Ramūnas Karbauskis i Saulius Skvernelis, fot. wilnoteka.lt
W sejmie nowej kadencji Litewski Związek Chłopów i Zielonych będzie miał 54 posłów. Prawdopodobnie do frakcji Chłopów i Zielonych dołączą jeszcze dwaj posłowie, którzy w wyborach startowali jako kandydaci niezależni, ale utożsamiają się z partią Ramūnasa Karbauskisa. W 141-osobowym sejmie zasiądzie również 31 konserwatystów, 17 socjaldemokratów, 14 liberałów, 8 przedstawicieli AWPL-ZChR, 8 z partii "Porządek i Sprawiedliwość", 2 z Partii Pracy. Po jednym przedstawicielu będą mieli: Litewska Partia Zielonych, Koalicja Antykorupcyjna Litewskiej Partii Centrum i Litewskiej Partii Emerytów i partia "Lista Litwy".
Po pierwszej turze Związek Chłopów i Zielonych miał zapewnionych 19 mandatów, konserwatyści - 20, ważyły się losy, która z partii będzie mogła decydować o kształcie przyszłej koalicji. Druga tura w okręgach jednomandatowych przyniosła triumf Chłopów i Zielonych - wygrali oni w 35 okręgach, podczas gdy konserwatyści zaledwie w 10. Dzięki drugiej turze Akcja Wyborcza Polaków na Litwie - Związek Chrześcijańskich Rodzin zdobyła jeszcze jeden mandat - po pierwszej miała 7 posłów. Obecna szefowa sejowej frakcji AWPL-ZChR Rita Tamašunienė w okręgu niemenczyńskim zdobyła poparcie 61 proc. wyborców.

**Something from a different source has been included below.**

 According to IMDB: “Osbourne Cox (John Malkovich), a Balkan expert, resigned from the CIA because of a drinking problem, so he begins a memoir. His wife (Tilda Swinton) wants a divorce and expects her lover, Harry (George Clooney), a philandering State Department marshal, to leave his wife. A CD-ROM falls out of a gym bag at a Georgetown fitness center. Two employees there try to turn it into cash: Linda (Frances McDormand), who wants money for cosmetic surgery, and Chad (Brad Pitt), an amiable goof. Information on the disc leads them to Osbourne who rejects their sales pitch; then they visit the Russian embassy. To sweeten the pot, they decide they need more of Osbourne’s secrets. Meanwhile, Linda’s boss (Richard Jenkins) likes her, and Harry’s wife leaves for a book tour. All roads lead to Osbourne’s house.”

W sejmie nowej kadencji będzie sporo nowicjuszy - ze 141 posłów aż 83 po raz pierwszy zasiądzie w ławie poselskiej. 

Sukces, jaki odniósł Związek Chłopów i Zielonych jest porównywalny jedynie do zwycięstwa konsewatystów w 1986 r., kiedy zdobyli oni 68 mandatów. Warto odnotować, że w kończącym kadencję sejmie Chłopi i Zieloni mieli zaledwie jednego posła. To właśnie ta partia będzie teraz decydowała o kształcie przyszłej koalicji i składzie rządu. 

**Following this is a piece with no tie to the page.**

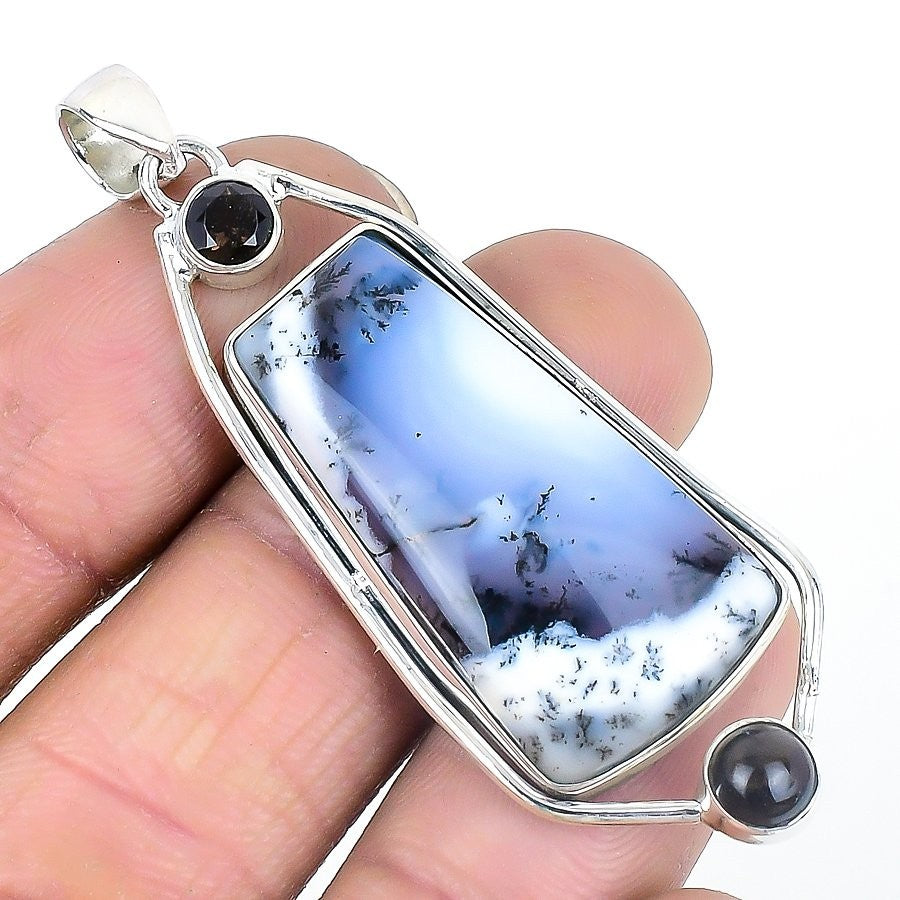 Natural Dendrite Opal Daughter Handcrafted Trendy New Pendant Jewelry 925 Silver

Przewodniczący zwycięskiej partii, Ramūnas Karbauskis, już wcześniej mówił, że jest zwolennikiem tworzenia szerokiej koalicji i rządu fachowców. Zapowiedział powołanie dwóch grup roboczych, które będą negocjowały i z konserwatystami, i z socjaldemokratami. "Nie widzę na razie żadnej różnicy pomiędzy konserwatystami i socjaldemokratami. Muszą oni sami ocenić swoją sytuację. Przede wszystkim muszą zadecydować, czy chcą być w koalicji rządzącej. A potem - na jakie kompromisy związane z naszym i ich programem są gotowi" - powiedział. 

Wśród kandydatów na stanowisko premiera wymieniani są były szef policji litewskiej, były minister spraw wewnętrznych Saulius Skvernelis i europoseł, były wieloletni mer rejonu ignalińskiego Bronis Ropė.